Вот, например, крестик нательный. В той системе – символ, напоминающий о ежедневном, непрекращающемся крестоношении, о «благом иге» Христовом, о верности Ему; символ того самого Креста, на который Сына Божия возвела любовь к нам, и на котором была принесена Искупительная Жертва за мир; символ – т.е. видимая часть невидимой реальности, благодатной силы Жертвенника, без которого нет Воскресения, а стало быть, Крест – это символ и Воскресения Христова, и всеобщего Воскресения мертвых. Но это все в той реальности – игровой, виртуальной.

А в «тутошней»? – оберег. Только это – наш оберег, правильный, «православный». Языческие боги – слабые, наш сильнее, потому и обереги носим наши.

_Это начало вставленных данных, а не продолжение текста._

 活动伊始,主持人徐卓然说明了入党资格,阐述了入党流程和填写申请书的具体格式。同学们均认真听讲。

При таком отношении получается, что языческие религии – это не столько мировоззренческое заблуждение, сколько ошибка выбора культа; а потому принятие христианства – это всего лишь (при таком понимании религии) смена объекта восхваления и поклонения, замена культа морально устаревших богов на культ Бога Единого и Всемогущего. Дескать, поклонялись всякой всячине предки, тому, что не Бог, но потом эту ошибку исправили, и теперь мы знаем, какому Богу молиться и какие обереги-амулеты-талисманы использовать, чтобы от сглаза защититься, чтобы не болеть, чтобы успех да счастье во всем сопутствовали…

На первый взгляд, отношение к язычеству интолерантное, но лишь на первый. Вся интолерантность направлена в адрес конкретных исторических форм язычества и против его конкретных артефактов, но не против языческой ментальности, не против потребительского отношения к Богу, в чем и состоит сущность язычества.

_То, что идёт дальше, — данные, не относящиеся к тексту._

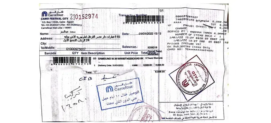 I bought a washer from Carrefour Egypt CFC on 1st of Jan. 2021 till today they did not deliver it and when I call the man which they give his phone no. to me he was very aggressive with me and gave me many times a date that the washer will come in couple of days, yesterday I called him and he replied after 4 days calling him and not pick his one and told me that the washer will come next week, than I told him that he always reply to me with the same message and how you sale me something you did not have in yr store, he told me you can take yr money or go to the Consumer Protection Agency

Еще, если вернуться к вопросу о нательном крестике, для кого-то из людей, «прочно стоящих на собственных ногах», нательный крестик – знак некой самоидентификации, вроде знаков зодиака, которые многие носят с нательным крестиком на одной цепочке.

Для кого-то крестик – не более, чем украшение, а кому-то помогает почувствовать свою принадлежность к национальным корням, к славным предкам, осознать сопричастность их величию. Для кого-то из этой категории «здравомыслящих людей» он – знак принадлежности к Церкви, смысл существования которой, однако, опять же, понимается ими, в первую очередь, как некий фундамент и каркас стабильного и благополучного устройства державы, я бы даже сказал, как средство сакрализации самой державности (в результате все, что кажется противоречащим государственным интересам – причем не факт, что на самом деле противоречит – воспринимается как грех, достойный анафемы).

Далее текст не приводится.